__Exercise requirements__. Return the listing below exactly, with the pictures dropped.

__Collected data__.

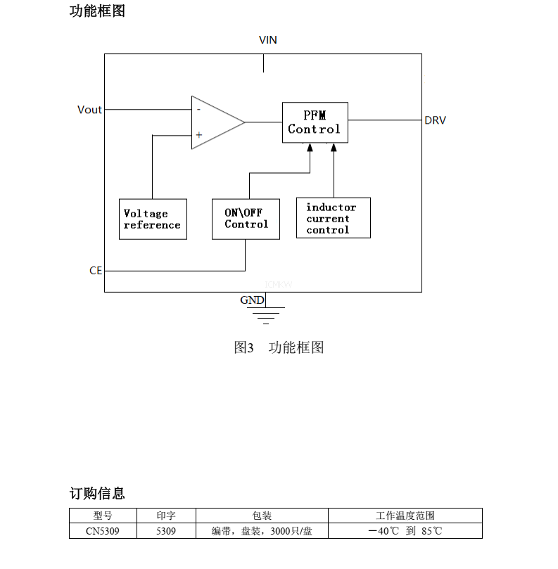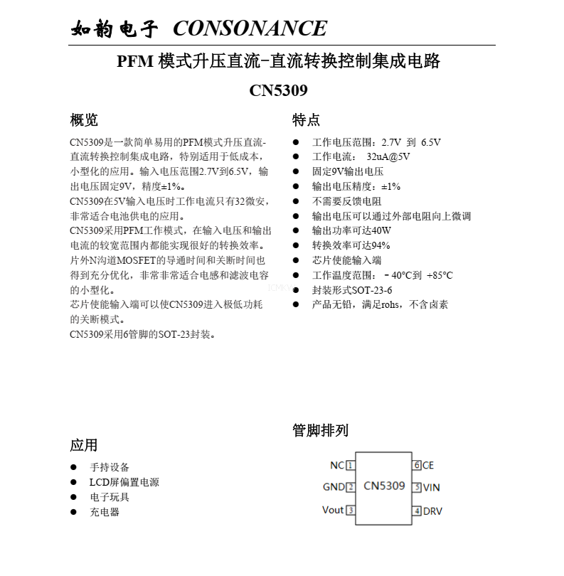 CN5309,PFM 模式陞壓直流-直流轉換控製集成電路芯片規格書下載
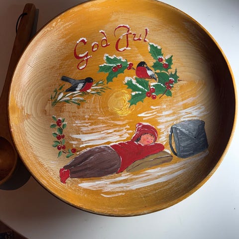 Selger en fin juleskål med hank.
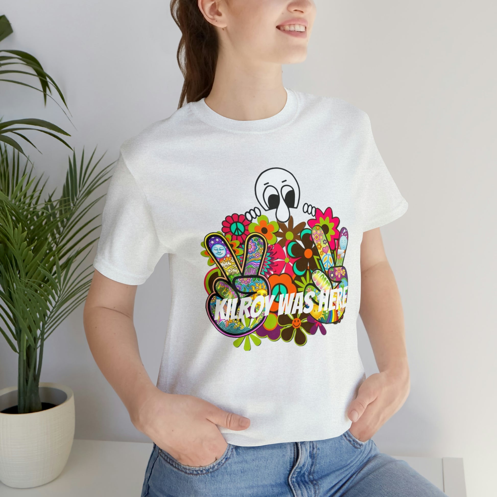 Kilroy Was Here Melded into the 60s. This classic unisex jersey short sleeve tee fits like a glove, and if the Glove Fits .... Soft cotton and quality print make users fall in love with it over and over again. These t-shirts have-ribbed knit collars to bolster shaping. The shoulders have taping for better fit over time. Dual side seams hold the garment's shape for longer.
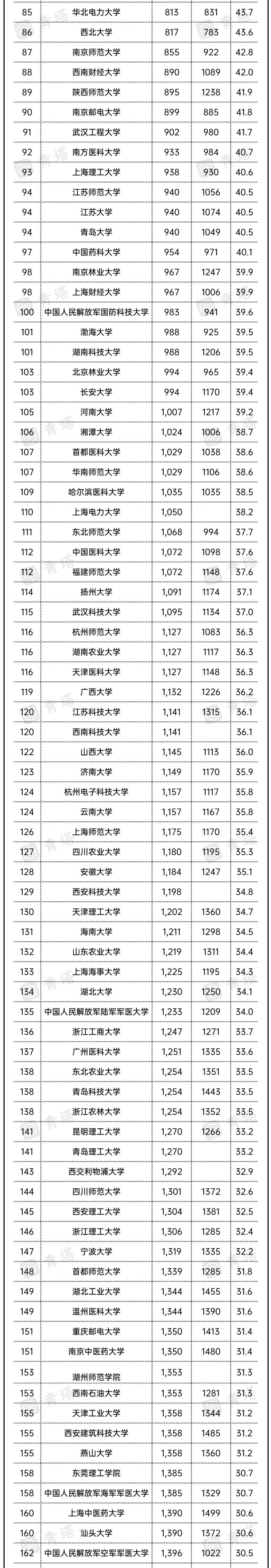 以下为中国内地高校排名情况:

__Task solution__.
 CN5309,PFM 模式陞壓直流-直流轉換控製集成電路芯片規格書下載
 Selger en fin juleskål med hank.
 Kilroy Was Here Melded into the 60s. This classic unisex jersey short sleeve tee fits like a glove, and if the Glove Fits .... Soft cotton and quality print make users fall in love with it over and over again. These t-shirts have-ribbed knit collars to bolster shaping. The shoulders have taping for better fit over time. Dual side seams hold the garment's shape for longer.
 以下为中国内地高校排名情况:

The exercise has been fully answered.